The three types of poliovirus are named Brünhilde, Lansing, and Leon.

The most severe epidemics are caused by Brünhilde, a strain or type of poliovirus isolated from the spinal cord of a chimpanzee named Brünhilde. This chimpanzee was inoculated in 1939 with stool specimens from seven paralytic patients from Baltimore.

Type II of the poliovirus is the Lansing, which was recovered in 1938 from the brain and spinal cord of a young man who had succumbed to polio in Lansing, Michigan.

The third strain of poliovirus is Leon, so named because it was obtained in 1937 from the brain and spinal cord of an eleven-year-old boy named Leon, who was a victim of polio in Los Angeles.

Polio has occurred for thousands of years in all parts of the world. The bone formation of an Egyptian skeleton of the period of 3700 B.C. indicates the effects of polio, as does an Egyptian plaque from 1300 B.C. Poliomyelitis is a combination of the two Greek words: polios or grey, denoting the grey matter of the nervous system, and myelosis or marrow, denoting the myelin sheath around certain nerve fibres. There are three types: bulbar, spinal, and bulbarspinal.

Jakob Heine did the earliest report of poliomyelitis in 1840. In 1875, at the Versammlung der deutschen Naturforscher und Ärzte in Freiburg (meeting of the German Society of Natural Scientists and Physicians in Freiburg), Heine reported on paralysis in childhood that may occur following convulsions.

The German neurologist Ernst Adolf Gustav Gottfried von Strümpell (1853-1925) in 1885 described the cerebral form of poliomyelitis, which is called Strümpell’s disease II.

The Swedish physician Oskar Karl Medin (1847-1928) in 1890 was the first to carefully study an epidemic of poliomyelitis and first drew attention to the epidemic character of the disease. Dr.

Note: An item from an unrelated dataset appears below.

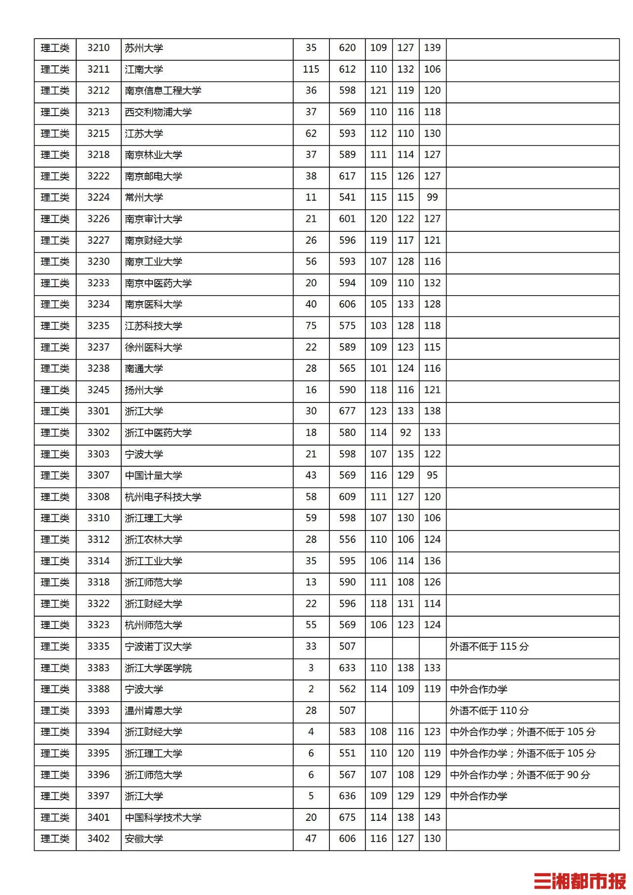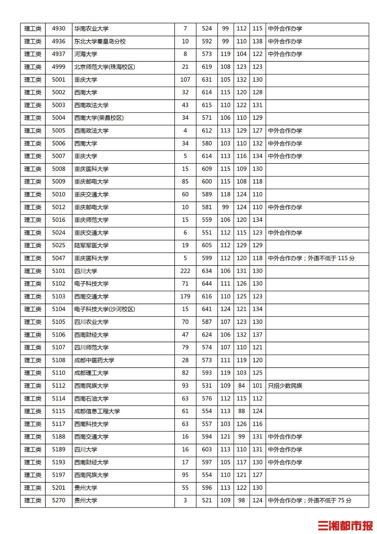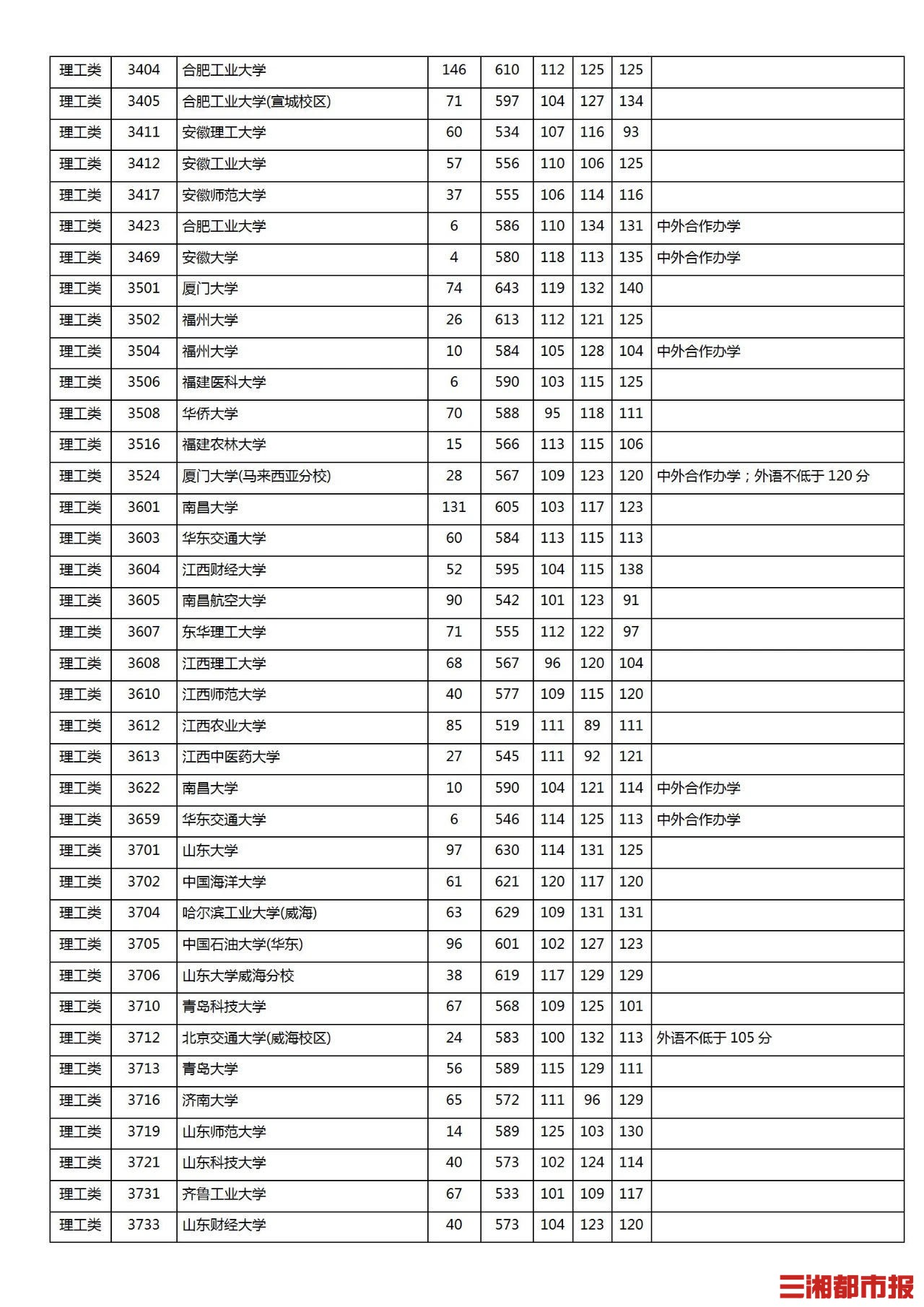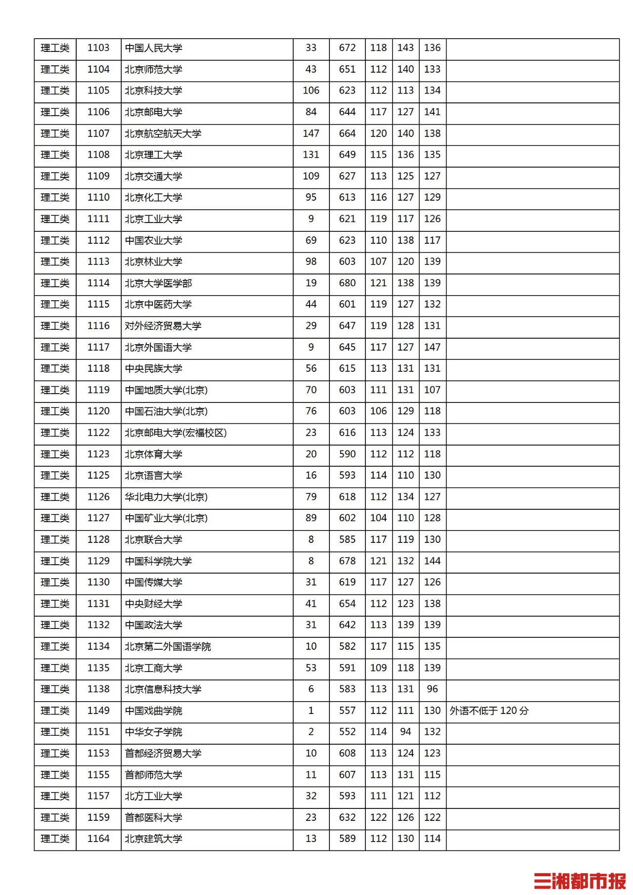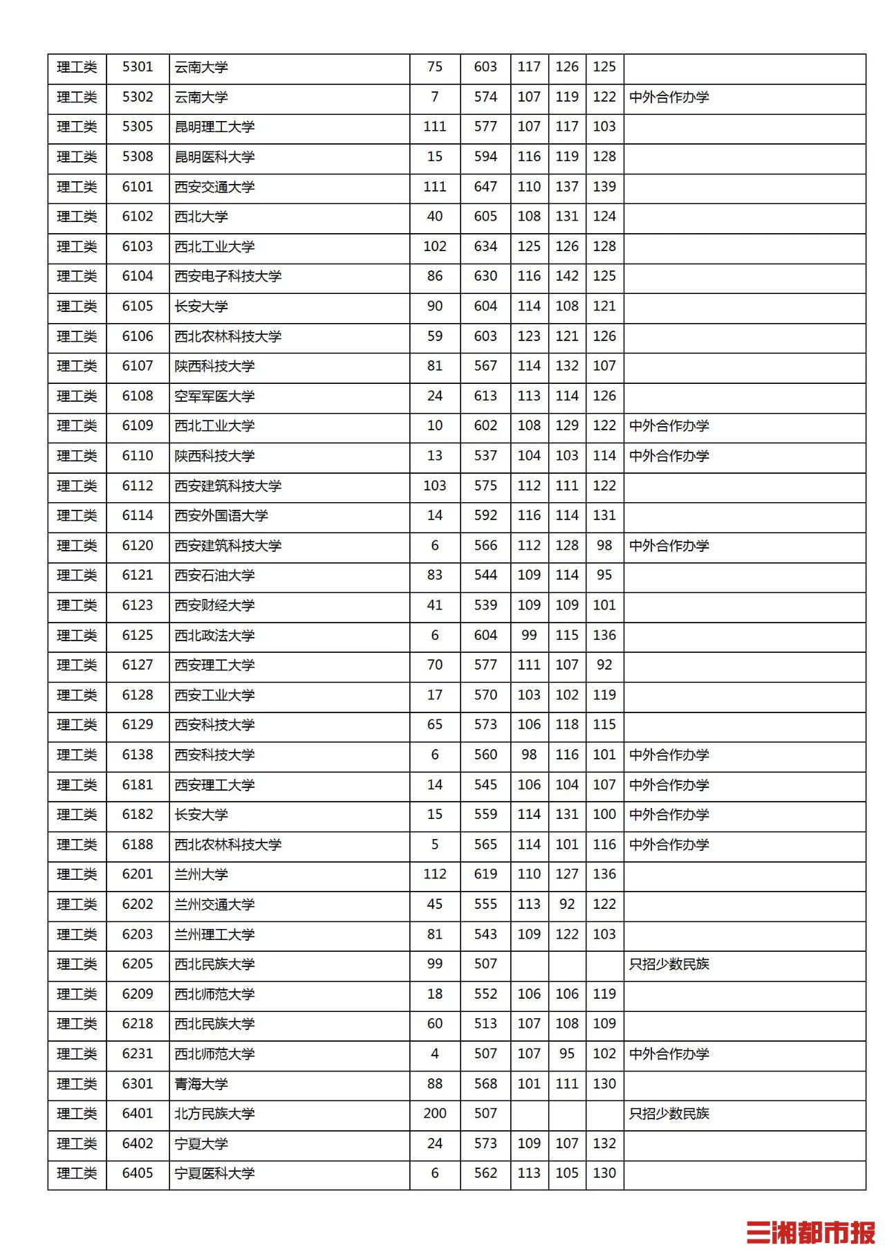 省内高校中,位列文科前五位的高校分别是:湖南大学628分,中南大学627分,湖南师范大学608分,湘潭大学594分,长沙理工大学592分;理科前五位的高校分别是:国防科技大学642分,中南大学636分,湖南大学628分,湖南师范大学606分,长沙理工大学579分。

Ivar Wickman, a pupil of Medin, experienced the great Swedish epidemic of 1905 and was the first to express the correct conclusion that person-to-person was the manner of transmission. In 1909 the Austrian-born American immunologist and pathologist Karl Landsteiner (1868-1943), then prosector at the Royal-Imperial Wilhelminen Hospital in Vienna, and the German pathologist Erwin Popper, were able to produce signs of paralysis similar to those of poliomyelitis in a rhesus monkey, using a homogenate from the brain and spinal cord from a child who had died of the disease. This work peaked with that of Jonas Edward Salk (1914-1995) and Albert Bruce Sabin (1906-1993).

One of the most amazing things about poliomyelitis is that no epidemic of it was noted until seventy-one years ago. Large epidemics of other virus diseases, such as smallpox, yellow fever, influenza, and measles, are recorded much farther back in history.
Greer Williams, Virus Hunters (1960)

Bibliography

  • J. von Heine:
    Beobachtungen über Lähmungszustände der untern Extremitäten und deren Behandlung.
    Stuttgart, F. H. Köhler, 1840.
    2nd edition under the title of:
    Spinale Kinderlähmung. Monograph. Stuttgart, 1860.
    In this work Heine gave the disease its present name, as he assumed that the seat of the disease was in the spinal marrow. He distinguished it clearly from cerebral infantile paralysis, hemiplegia. He points to the epidemic occurrence of spinal infantile paralysis.
  • J. M. Charcot:
    Une observation de paralysie infantile s’accompagnement d’une altération des cornes antérieures de la substance grise de la moëlle.
    Written with Alex Joffroy (1844-1908).
    Comptes rendus de la Société de biologie, Paris, (1869), 1870, 5th series; 1: 312-315.
    First demonstration of the atrophy of the anterior horns of the spinal cord in infantile paralysis, confirming earlier suggestions of Jacob von Heine and the French neurologist Guillaume Benjamin Amand Duchenne de Boulogne (1806-1875).
  • A. G. von Strümpell:
    Uber die akute Encephalitis der Kinder (Polioencephalitis acuta, cerebrale Kinderlähmung).
    Jahrbuch für Kinderheilkunde, 1885, 22: 173-178.
  • O. Medin:
    En epidemi af infantil paralysi.
    Hygiea, Stockholm, 1890, 52: 657-668.
    German version in Verh X Int Med Kongr, 1890, 2, Abt. 6, 37-47, 1891.
    English translation in Bick, Classics of Orthopaedics, 116-123.